Assigned task:
Give back the full listing exactly, setting the pictures aside.

Available data:
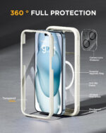 iPhone 15 – White COVER: 360° Protection Case 9H Tempered Glass Cover with MagSafe
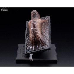 Cette statuette le représente dans toute son étrangeté : deux corps fusionnés dans un cadre métallique, à la peau visqueuse et aux teintes sombres, entre le bronze et le noirâtre. L’un est rampant, l’autre écrasé, créant une silhouette oblique troublante. Les textures sont rugueuses, presque écœurantes, avec des détails sculptés qui soulignent l'aspect charnel et oppressant de la créature.
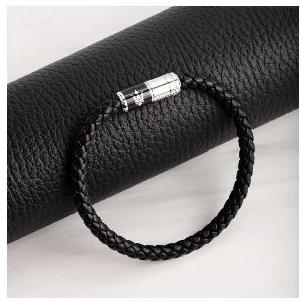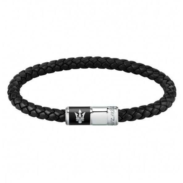 Maserati Pulsera Hombre Maserati J Br.blk Recycle Leather 217mm De Acero Negro, Plateado
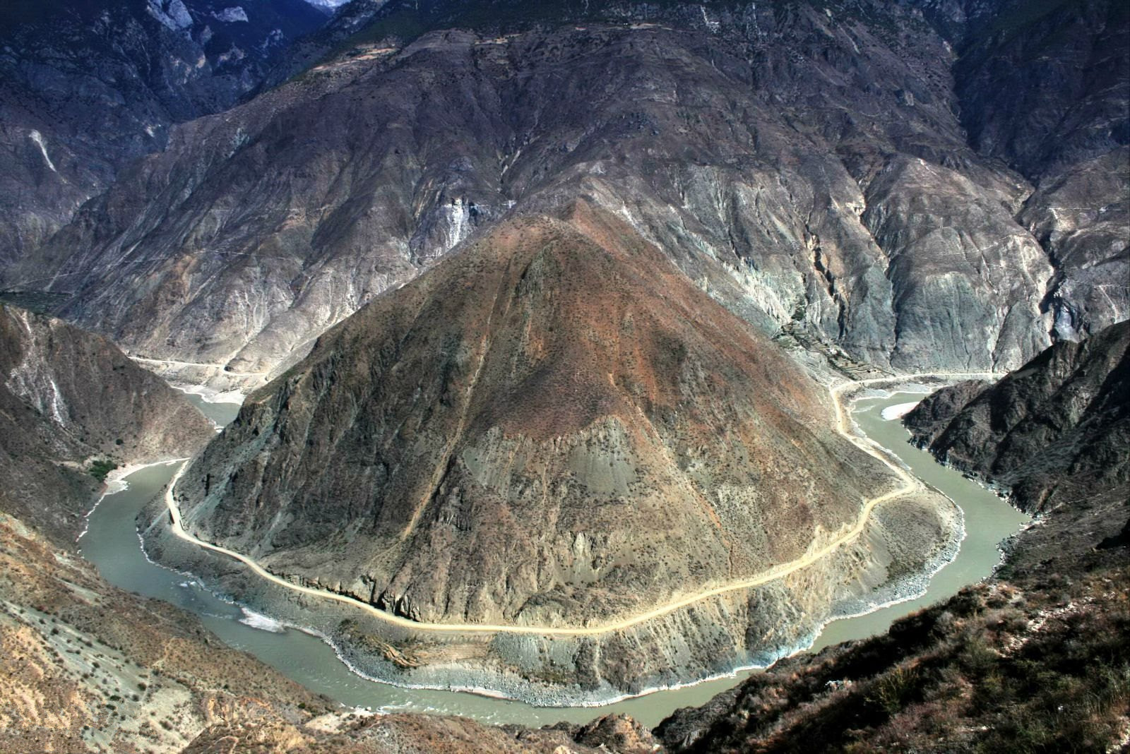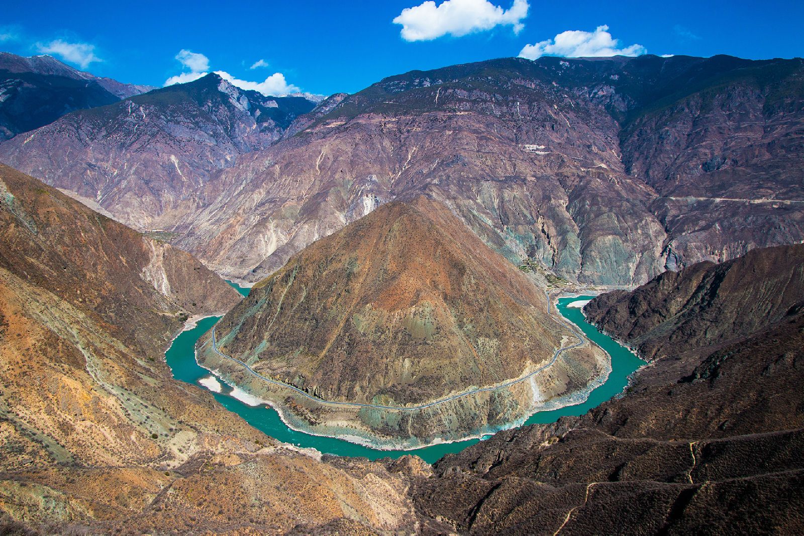 金沙江大拐湾也叫做月亮湾,位于云南德钦县奔子栏镇和四川得荣县子庚乡交界处。由北向南纵贯全境的定曲河,在先后接纳了玛伊河和硕曲河之后,携三江之水投入了金沙江的怀抱,在江水汇合处,形成“三壁夹两江”的奇景。穿山越谷而来的金沙江,由此水势更加浩荡,峡谷逐渐开阔,在即将冲出这川滇要塞之时,它似乎想先舒缓一下长途奔波的疲劳,于是放慢脚步,围绕着金字塔般的日锥峰潇洒地画了一个“Ω”字形的大拐弯。孰料这不经意的即兴之作,竟成就了一处奇观。

Exercise response:
 iPhone 15 – White COVER: 360° Protection Case 9H Tempered Glass Cover with MagSafe
 Cette statuette le représente dans toute son étrangeté : deux corps fusionnés dans un cadre métallique, à la peau visqueuse et aux teintes sombres, entre le bronze et le noirâtre. L’un est rampant, l’autre écrasé, créant une silhouette oblique troublante. Les textures sont rugueuses, presque écœurantes, avec des détails sculptés qui soulignent l'aspect charnel et oppressant de la créature.
 Maserati Pulsera Hombre Maserati J Br.blk Recycle Leather 217mm De Acero Negro, Plateado
 金沙江大拐湾也叫做月亮湾,位于云南德钦县奔子栏镇和四川得荣县子庚乡交界处。由北向南纵贯全境的定曲河,在先后接纳了玛伊河和硕曲河之后,携三江之水投入了金沙江的怀抱,在江水汇合处,形成“三壁夹两江”的奇景。穿山越谷而来的金沙江,由此水势更加浩荡,峡谷逐渐开阔,在即将冲出这川滇要塞之时,它似乎想先舒缓一下长途奔波的疲劳,于是放慢脚步,围绕着金字塔般的日锥峰潇洒地画了一个“Ω”字形的大拐弯。孰料这不经意的即兴之作,竟成就了一处奇观。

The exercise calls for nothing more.